PV of lease payments

PV of lease payments

ROU asset

Lease liability ± adjustments

Lease liability ± adjustments

Discount rate

Implicit or incremental borrowing rate

Implicit or incremental borrowing rate


Subsequent measurement differs in expense recognition for lessees.

IFRS 16 requires all leases to be accounted for similarly to finance leases under previous standards:

  • Depreciation of ROU asset over lease term

  • Interest expense on lease liability

  • Results in front-loaded expense pattern


US GAAP distinguishes between operating and finance leases:

  • Finance lease: Same as IFRS (separate interest and amortization)

  • Operating lease: Total lease cost is presented as a single lease expense, straight-lined over the term


This creates divergence in net income pattern and EBITDA:

  • IFRS: Higher EBITDA (interest below operating income)

  • US GAAP: Operating lease expense reduces EBITDA


Low-value and short-term lease exemptions apply differently.

Both standards allow certain leases to be excluded from balance sheet recognition:

  • IFRS 16:

    • Short-term leases (≤12 months) and low-value leases (typically under USD 5,000) can be expensed directly

  • US GAAP:

    • Only short-term leases (≤12 months) may be excluded from recognition

    • No low-value lease exemption

Exemption type

IFRS 16

US GAAP (ASC 842)

Short-term leases

Optional exemption

Optional exemption

Low-value leases

Allowed (qualitative)

Not allowed


Lessor accounting remains similar to previous guidance, with differences in classification.

Under IFRS 16, lessor accounting remains largely unchanged from IAS 17:

  • Classify leases as operating or finance leases

  • Finance lease: Derecognize asset, recognize net investment in lease

  • Operating lease: Continue to recognize asset and record lease income


US GAAP (ASC 842) also retains classification of leases by lessors as:

  1. Sales-type lease

  2. Direct financing lease

  3. Operating lease


However, the classification criteria under US GAAP are more detailed, involving:

  • Transfer of ownership

  • Bargain purchase options

  • Lease term relative to asset life

  • Present value of payments

  • Specialized nature of the asset


Disclosure requirements enhance transparency around lease obligations and assumptions.

Both IFRS 16 and ASC 842 require extensive disclosures, including:

  • Breakdown of lease expenses

  • Maturity analysis of lease liabilities

  • Discount rates and assumptions

  • Changes in ROU assets and liabilities

  • Cash flow impacts (operating vs. financing)


IFRS 16 focuses on aggregated lease expense, maturity profile, and key judgments made (e.g., term extension assumptions).


US GAAP provides detailed requirements for tabular reconciliation and income statement impacts by lease type.
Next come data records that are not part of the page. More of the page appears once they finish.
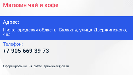Магазин чай и кофе по адресу Нижегородская область, Балахна, улица Дзержинского, 48а в дальнейшем Организация, размещена в следующих категориях:
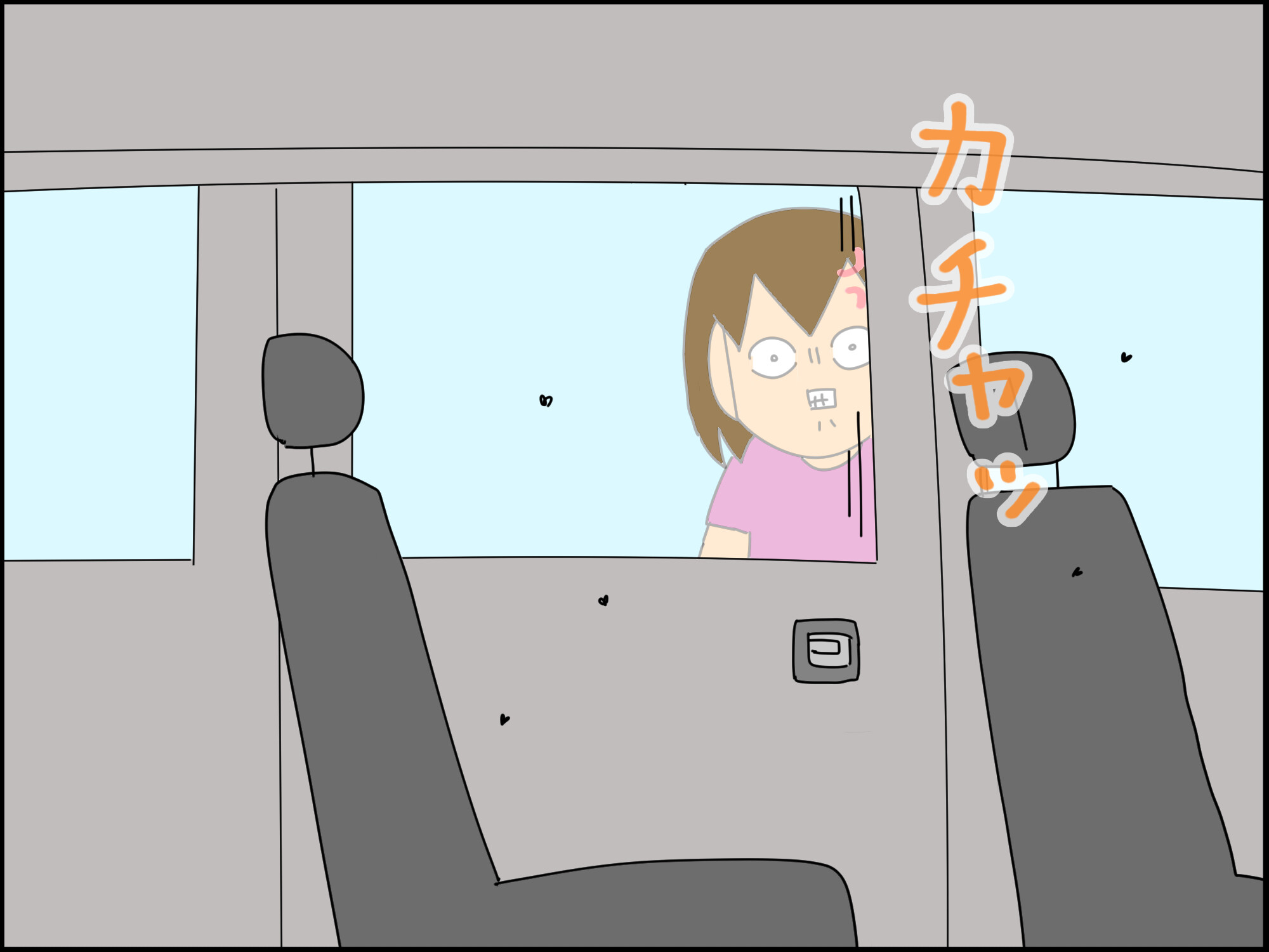 2匹の蚊が車内へ。
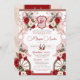 Invitation Élégant Baroque Floral Rouge Quinceañera
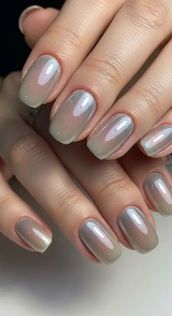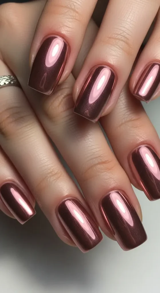 Nude chrome nails offer a subtle metallic glow. This style is perfect if you want something elegant and minimal.
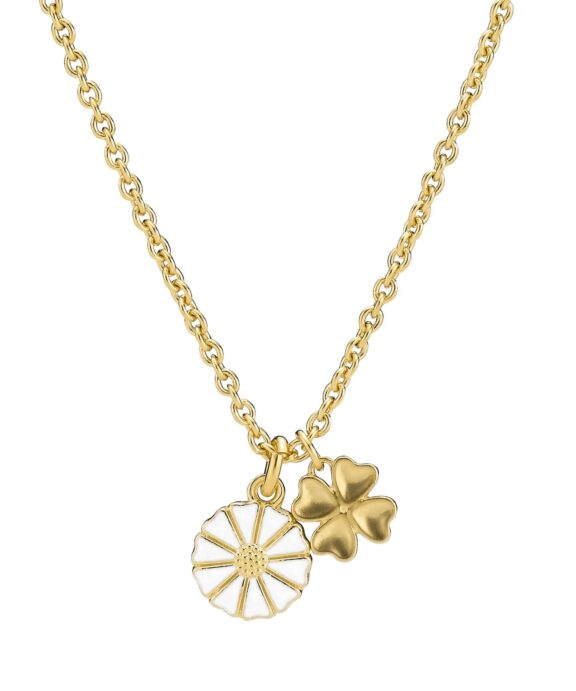 LUND COPENHAGEN HALSKÆDE FORGYLDT SØLV MARGUERIT OG FIRKLØVER – 9025073-M
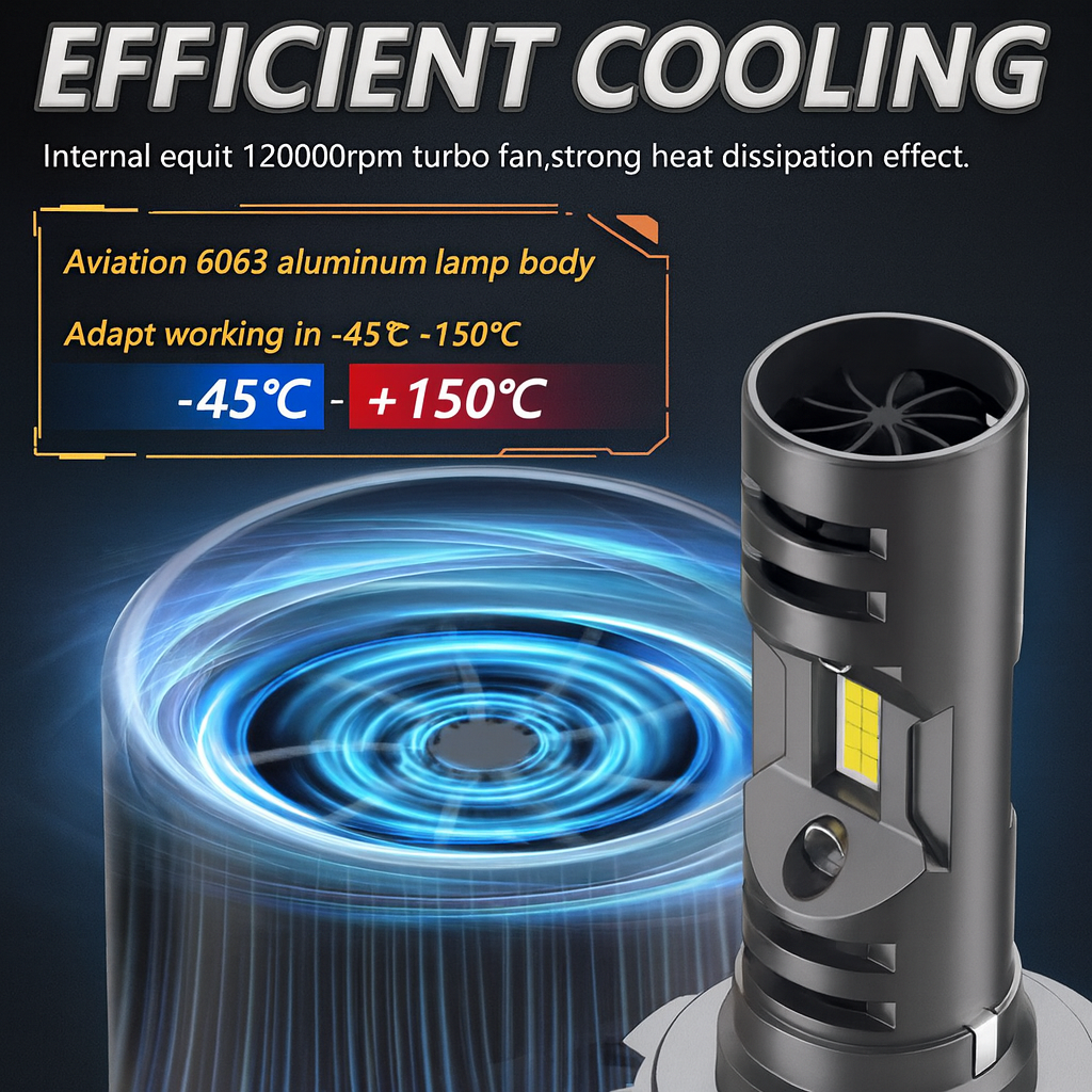 Construcția robustă este un alt punct forte al acestui produs. Carcasa este realizată din aluminiu de calitate superioară, folosit și în industria aeronautică (6063), ceea ce asigură o disipare optimă a căldurii și o rezistență de durată. În plus, fiecare bec este dotat cu două ventilatoare de 12.000 RPM, care contribuie la o răcire activă extrem de eficientă. Această combinație permite o funcționare stabilă chiar și la temperaturi extreme, de la -45°C până la +150°C, fără riscul de supraîncălzire sau defectare.
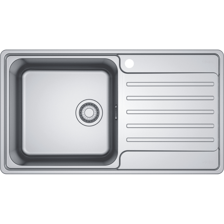 Nerezový dřez Bell. Cena zahrnuje: Sítkový ventil 3 1/2“ s přepadem. Sifon pro úsporu místa 6/4“ s odbočkou na myčku nádobí. Otvor pro baterii Ř 35 mm. Fixační příchytky Fast-Fix.

Key differences between IFRS and US GAAP for lease accounting.

Aspect

IFRS 16

US GAAP (ASC 842)

Lessee model

Single model (finance lease approach)

Dual model: operating vs. finance

Income statement impact

Depreciation + interest (front-loaded)

Straight-line for operating leases

EBITDA impact

Higher EBITDA (no lease expense)

Lower EBITDA for operating leases

Low-value lease exemption

Allowed

Not allowed

Lessor classification

Operating vs. finance

Operating, direct financing, sales-type

Disclosure emphasis

Aggregate totals + key judgments

Lease type reconciliation + maturity analysis


The lease accounting models under IFRS and US GAAP are converged in scope but diverged in presentation, particularly in lessee accounting. These differences impact profitability metrics, financial ratios, and comparability, making it essential for multinational companies, analysts, and auditors to adjust interpretations accordingly when evaluating financial reports prepared under different frameworks.